*** RECORDS SUPPLIED Section Begins ***
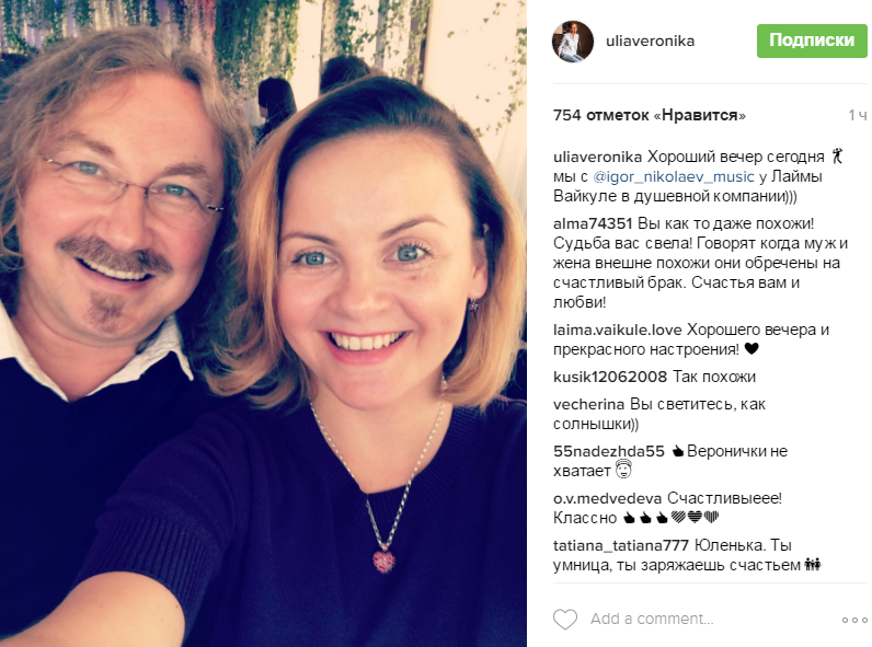 Недавно Игорь выложил в свой Instagram новый снимок с возлюбленной, на котором супруги радостно улыбались в кадр. Выяснилось, что вечер вторника звездная пара проводит у Лаймы Вайкуле, с которой у семьи очень теплые отношения. "Хороший вечер сегодня у Лаймы Вайкуле в душевной компании", - подписала фото Юлия.
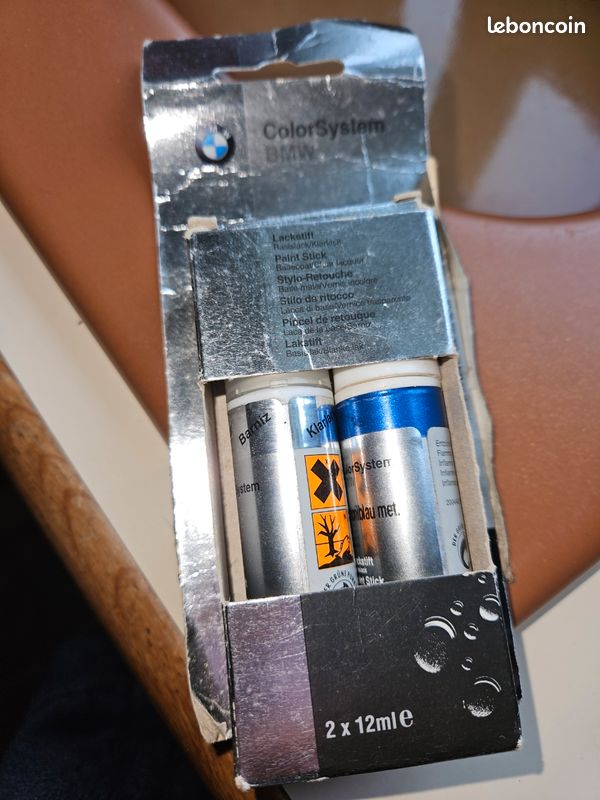 Peinture Voiture Bombe Aérosol Pour BMW B45 Estorilblau II Metallic De Base Acheter en ligne votre Kit Stylo Retouche Peinture BMW C31 PORTIMAO BLAU MET pour 2-Series Cabrio Idéal pour faire disparaitre les rayures ou éclats de peinture sur la carrosserie de votre voiture. Stylo retouche peinture BMW B45 ESTORIL BLUE MET. Ce stylo retouche pour BMW est équipé d'un pinceau fin pour atténuer facilement les rayures et éclats de peinture présentes sur votre voiture. Après séchage complet de la peinture, Utilisez le stylo retouche vernis pour protéger durablement votre carrosserie Code Couleur : ESTORIL bleu vernis II métallisé (45) Contenu : 1 x Vernis (12ml), 1 vernis à ongles transparent (12ml) Remarque : Le code, vous trouverez sur la plaque signalétique de votre véhicule Grâce à ce set de stylos de retouche BMW d'origine (1 x 12 ml Crayon retoucheur estoril-blau mét. - 1 x 12 ml Klarlack, Farbcode: B45), les petits dommages... Pare Choc Arrière BMW F32 F33 Code Couleur BLEU ESTORIL 2 METALLIC (B45 BMW stylos-retouche bi-couche avec ce BMW stylos-retouche se rangent les petites rayures et les petits dommages vernis rapidement et sans problèmes réparer. Le pinceau pour application est intégré dans le couvercle.
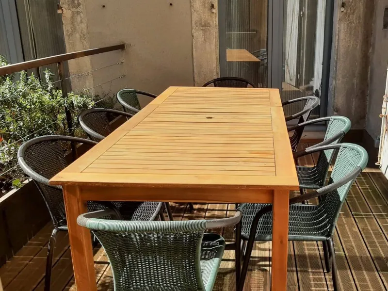 Idéalement situé au coeur de la Bastide Saint Louis de Carcassonne, tout proche à pied de toutes commodités et des sites remarquables de notre ville, "le Sélamat" est un très grand gite tout équipé doté de 4 chambres et 2 salles de bain/WC pouvant accueillir de 2 à 8 personnes et un bébé. Nouvellement rénové et modernisé tout en préservant son charme d'antan, il est situé au 1er étage d'un ancien hôtel particulier du XVIème siècle. Au calme, il bénéficie d'un balcon et d'une terrasse donnant chacun sur une des cours intérieures qui l'entourent.Accès gratuit au réseau WIFI. Linge de lit et de bain inclus dans les tarifs indiqués.
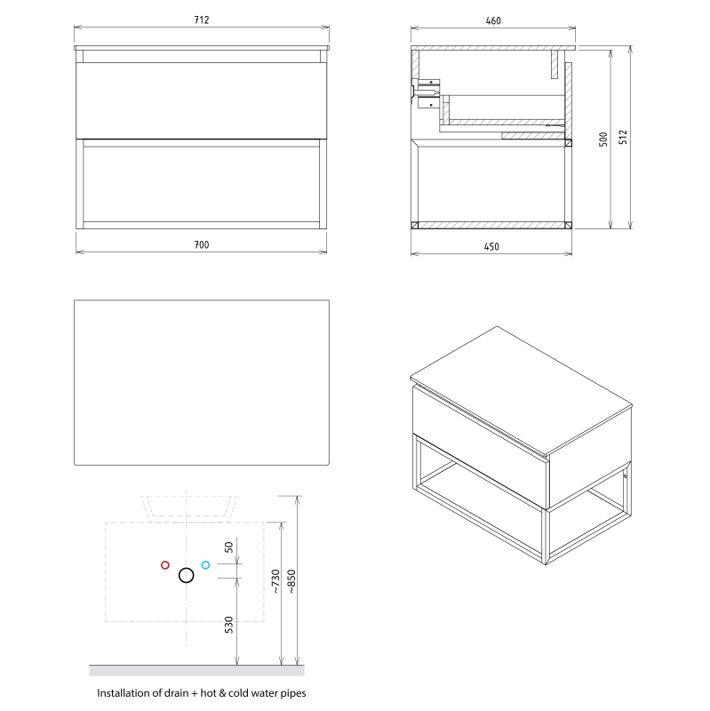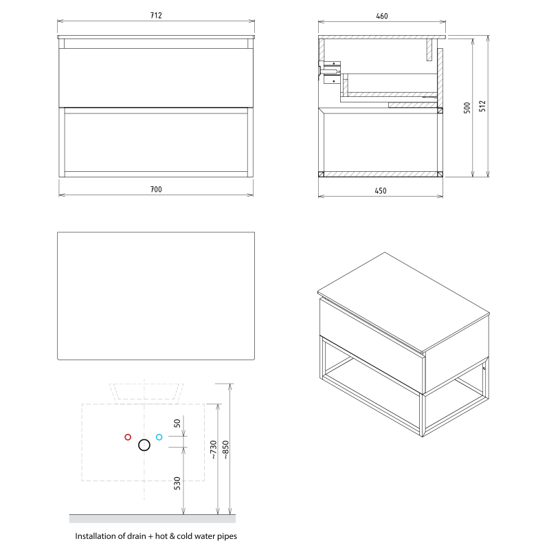 - Otvor pro baterii/výpust lze vyvrtat v místě instalace nebo dle výkresu ve výrobě.
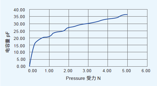 根據(jù)公式C=εS/4kπd,F(xiàn)變化引起S和d變化,導致C變化, 形成力F與C的對應關系。 產(chǎn)品性能 尺寸:1.8x1.8x0.40 mm 最大工作壓力:5N 破壞壓力:10N 施加0~5N,電容變化范圍0~35 pF 產(chǎn)品尺寸可根據(jù)客戶要求訂做 壓力傳感器電容隨受力變化曲線
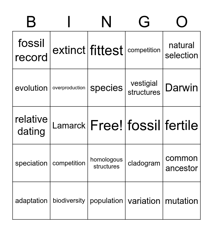 Evolution Bingo | Life Science Chapter 5 | Evolution | Life Science Chapter 5 | UNIT 8 EVOLUTION AND DIVERSITY
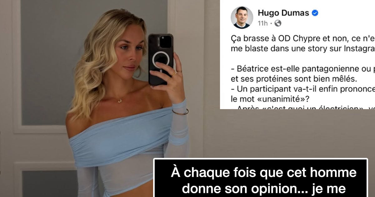 Hugo Dumas, connu pour ses résumés hebdomadaires sans détour, avait publié une liste de réflexions cinglantes sur les candidats et animatrices d’OD Chypre, ce qui n’a pas manqué d’attirer la colère de plusieurs participants. Ses commentaires ont fini par agacer Ally, qui y voit un manque de bienveillance et d’humour volontairement mordant.
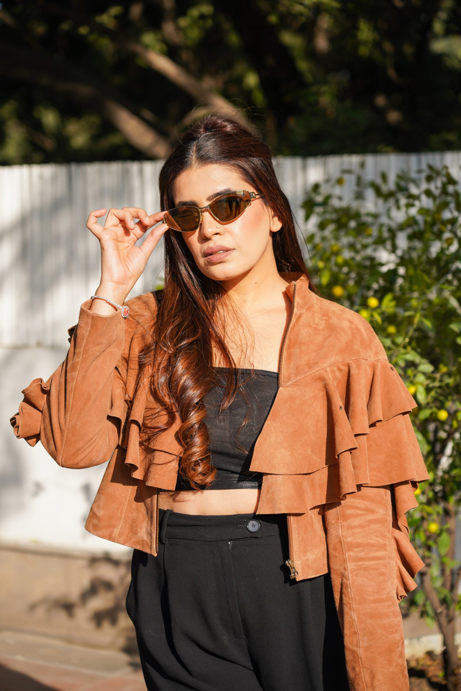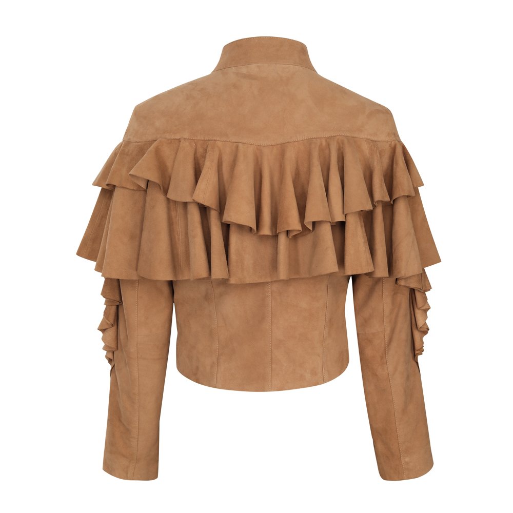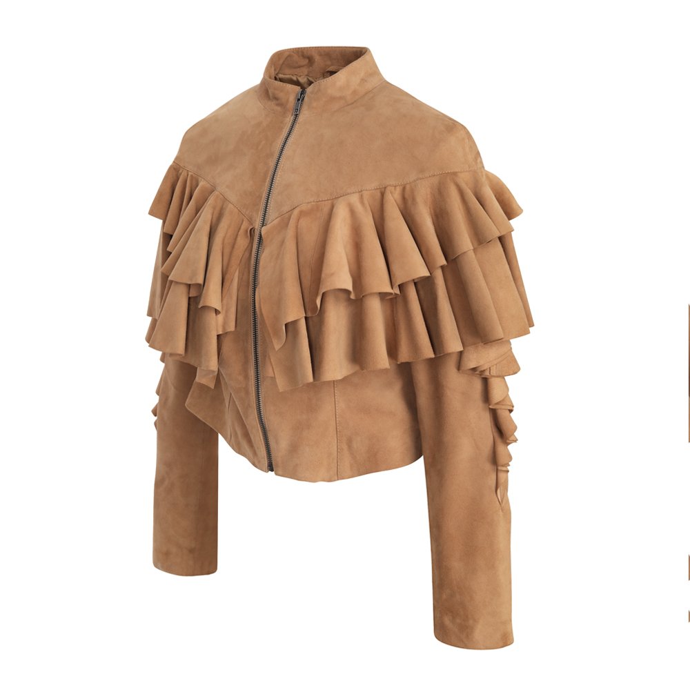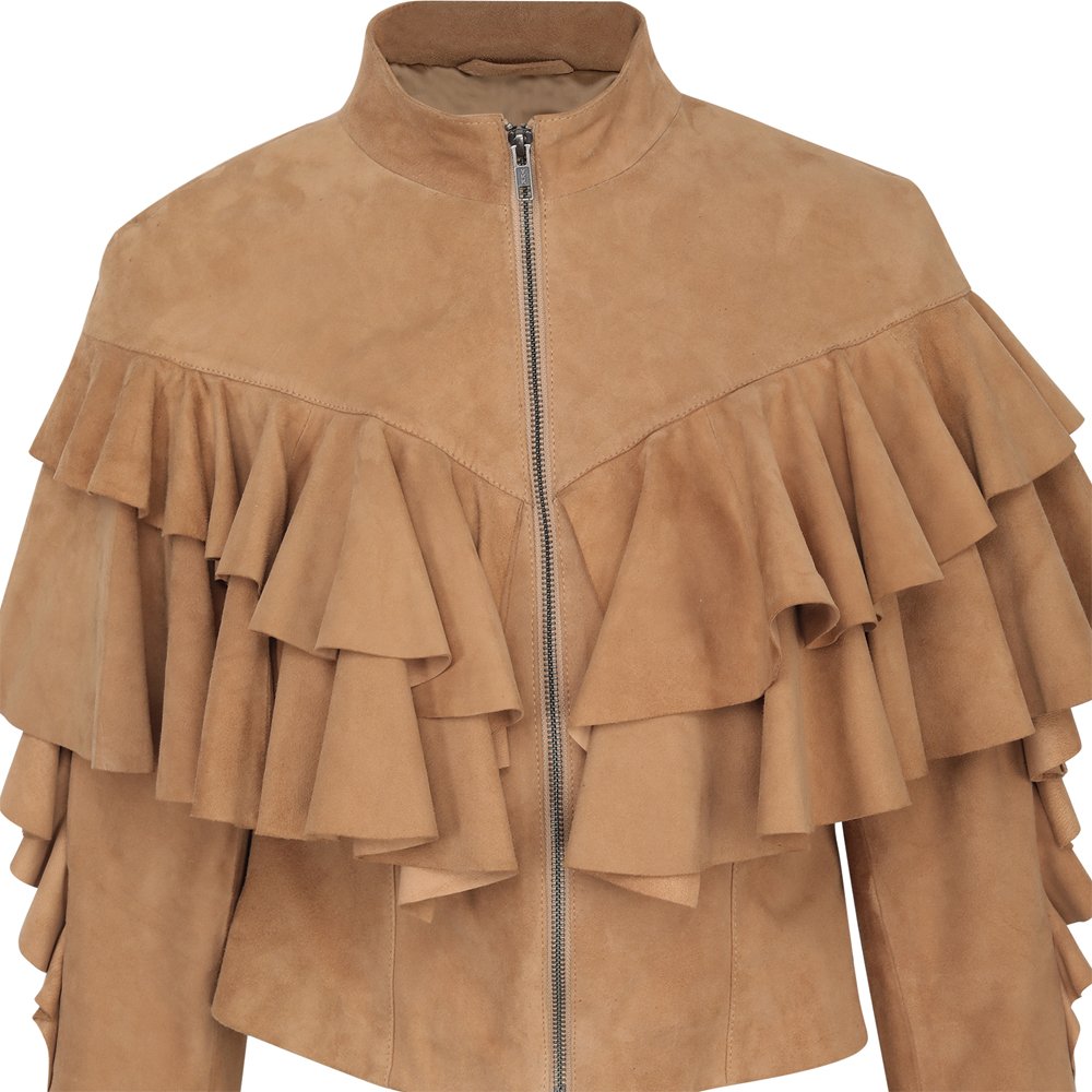 Soft and velvety touch suede, fitted, ruffled leather, centre front zip, fine stitching,
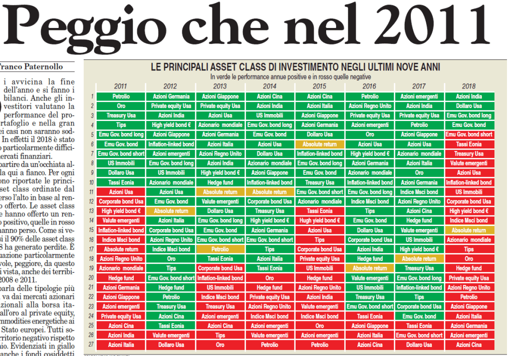 In questo genere di report si mostrava col colore rosso come stessero perdendo tutti i tipi di investimento, a fine anno tutta la colonna del 2018 diventò rossa.
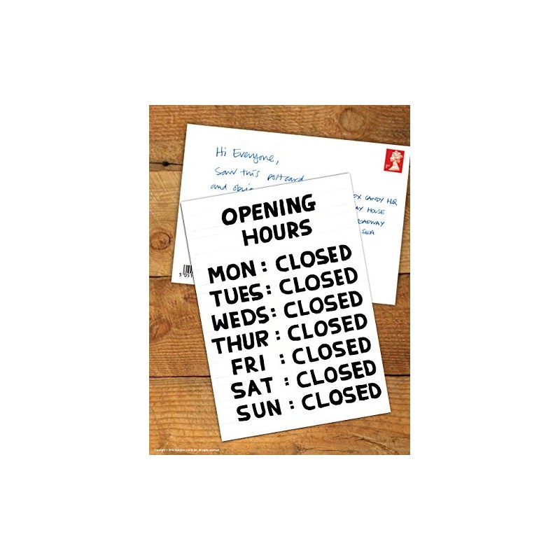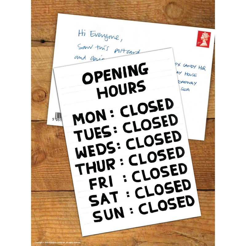 Funny Humorous 'David Shrigley Opening Hours' Novelty Postcard
*** RECORDS SUPPLIED Section Ends ***
**PROBLEM**
What is needed is an exact repeat of every entry above, with the pictures left out.

**EXERCISE ANSWER**
 Недавно Игорь выложил в свой Instagram новый снимок с возлюбленной, на котором супруги радостно улыбались в кадр. Выяснилось, что вечер вторника звездная пара проводит у Лаймы Вайкуле, с которой у семьи очень теплые отношения. "Хороший вечер сегодня у Лаймы Вайкуле в душевной компании", - подписала фото Юлия.
 Peinture Voiture Bombe Aérosol Pour BMW B45 Estorilblau II Metallic De Base Acheter en ligne votre Kit Stylo Retouche Peinture BMW C31 PORTIMAO BLAU MET pour 2-Series Cabrio Idéal pour faire disparaitre les rayures ou éclats de peinture sur la carrosserie de votre voiture. Stylo retouche peinture BMW B45 ESTORIL BLUE MET. Ce stylo retouche pour BMW est équipé d'un pinceau fin pour atténuer facilement les rayures et éclats de peinture présentes sur votre voiture. Après séchage complet de la peinture, Utilisez le stylo retouche vernis pour protéger durablement votre carrosserie Code Couleur : ESTORIL bleu vernis II métallisé (45) Contenu : 1 x Vernis (12ml), 1 vernis à ongles transparent (12ml) Remarque : Le code, vous trouverez sur la plaque signalétique de votre véhicule Grâce à ce set de stylos de retouche BMW d'origine (1 x 12 ml Crayon retoucheur estoril-blau mét. - 1 x 12 ml Klarlack, Farbcode: B45), les petits dommages... Pare Choc Arrière BMW F32 F33 Code Couleur BLEU ESTORIL 2 METALLIC (B45 BMW stylos-retouche bi-couche avec ce BMW stylos-retouche se rangent les petites rayures et les petits dommages vernis rapidement et sans problèmes réparer. Le pinceau pour application est intégré dans le couvercle.
 Idéalement situé au coeur de la Bastide Saint Louis de Carcassonne, tout proche à pied de toutes commodités et des sites remarquables de notre ville, "le Sélamat" est un très grand gite tout équipé doté de 4 chambres et 2 salles de bain/WC pouvant accueillir de 2 à 8 personnes et un bébé. Nouvellement rénové et modernisé tout en préservant son charme d'antan, il est situé au 1er étage d'un ancien hôtel particulier du XVIème siècle. Au calme, il bénéficie d'un balcon et d'une terrasse donnant chacun sur une des cours intérieures qui l'entourent.Accès gratuit au réseau WIFI. Linge de lit et de bain inclus dans les tarifs indiqués.
 - Otvor pro baterii/výpust lze vyvrtat v místě instalace nebo dle výkresu ve výrobě.
 根據(jù)公式C=εS/4kπd,F(xiàn)變化引起S和d變化,導致C變化, 形成力F與C的對應關系。 產(chǎn)品性能 尺寸:1.8x1.8x0.40 mm 最大工作壓力:5N 破壞壓力:10N 施加0~5N,電容變化范圍0~35 pF 產(chǎn)品尺寸可根據(jù)客戶要求訂做 壓力傳感器電容隨受力變化曲線
 Evolution Bingo | Life Science Chapter 5 | Evolution | Life Science Chapter 5 | UNIT 8 EVOLUTION AND DIVERSITY
 Hugo Dumas, connu pour ses résumés hebdomadaires sans détour, avait publié une liste de réflexions cinglantes sur les candidats et animatrices d’OD Chypre, ce qui n’a pas manqué d’attirer la colère de plusieurs participants. Ses commentaires ont fini par agacer Ally, qui y voit un manque de bienveillance et d’humour volontairement mordant.
 Soft and velvety touch suede, fitted, ruffled leather, centre front zip, fine stitching,
 In questo genere di report si mostrava col colore rosso come stessero perdendo tutti i tipi di investimento, a fine anno tutta la colonna del 2018 diventò rossa.
 Funny Humorous 'David Shrigley Opening Hours' Novelty Postcard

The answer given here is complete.